Why Yasmine's research is deeply personal

She is driving research into the role diet can play in managing Multiple Sclerosis.

It is research that is incredibly important for Yasmine, one of few dietitians globally who has been diagnosed with the disease.

Like many young university students, Associate Professor Yasmine Probst admits she was regularly "burning the candle at both ends". Combining a PhD in dietetics and partying with friends, at the time Professor Probst chose to ignore the warning signs of tingling fingers, feet and eventually sensations of numbness up to her knees. "I had my plans and wanted to be normal, but eventually my health had other plans for me," she says.

After finally visiting her GP, Professor Probst was quickly rushed to emergency to undergo a lumber puncture and MRI, with results confirming a diagnosis of Multiple Sclerosis (MS). To date, there is no known cure.

"I knew MS existed but I didn't know what it was," she says of the diagnosis that came in 2004. "I was in my early 20s and trying to do a PhD, so it was a bit of a backward step in my plans."

Cut to 2020 and Professor Probst is now an accomplished academic and researcher, as well as a mother to three. This year she will embark on a significant new study with the goal to create a comprehensive set of dietary guidelines for MS sufferers.
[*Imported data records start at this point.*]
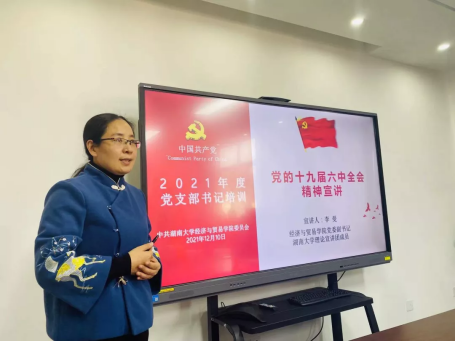 全体教职工和经济管理研究中心师生联合党支部党员作十九届六中全会精神宣讲。结合经济类学科特点,重点从中央经济工作会议中对2021年的经济工作总结、当前局势以及明年经济工作的部署安排等几个方面进行了解读。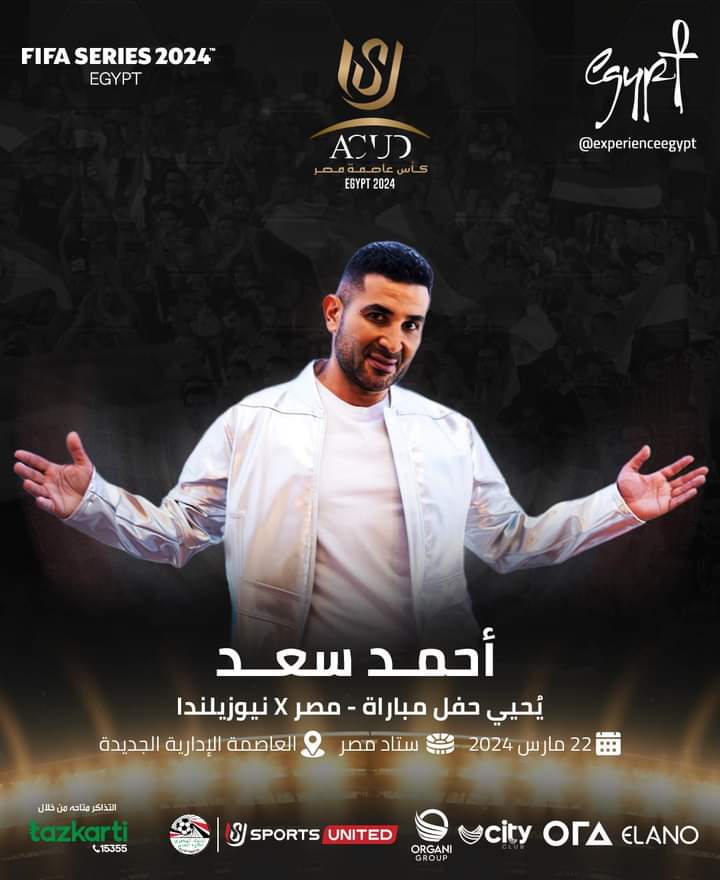 كشفت الشركة المتحدة المصرية لكرة القدم عن احياء الفنان أحمد سعد حفل افتتاح بطولة كأس عاصمة مصر، التي تنظمها الشركة في النسخة الأولى من FIFA series 2024.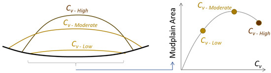 Schematic illustration of potential non-monotonic parametric effects of rheological parameters. When the model uses concentration-dependent rheological parameters the relationship between concentration and inundation area can be non-monotonic, as concentration increases “mounding” and limits lateral runout, which can compensate for volume increases (vertical scale in the schematic exaggerated to illustrate effect).

Dr Yasmine Probst. Photo: Paul Jones

Associate Professor Yasmine Probst. Photo: Paul Jones

Professor Probst was in 2019 awarded an $24,969 Incubator Grant from MS Research Australia to develop a framework for assessing dietary intakes in clinical studies of people with MS.

She is particular interested in whether a balanced diet can reduce the symptoms of MS, and whether an increased intake of antioxidant-rich fruits and vegetables offers any benefits to people living with MS.

"There are a number of different people who have created their own diets, and I say that very loosely because in my opinion, they are not strongly evidence based. That's really been the driver for me in creating this program of MS and diet research at the University of Wollongong."

A condition of the central nervous system, MS interferes with nerve impulses within the brain, spinal cord and optic nerves, creating a form of 'sclerosis', a Greek word meaning scars. Affecting more than 25,600 in Australia and more than two million worldwide, it is also more prevalent in women aged 20-40 years, than in men.

"I thought, if I don’t do something, I’m not going to be available and useful for my kids."

- Associate Professor Yasmine Probst

In the early years of her diagnosis Professor Probst alternated between heavy duty injectable steroid therapy and later, just healthy eating alone - with mixed results.

"The steroids left me hungry and exhausted and when I was pregnant I turned to just eating well. I didn't want needles lying around the house with young children. But I was again under quite a bit of stress, I had three children under three.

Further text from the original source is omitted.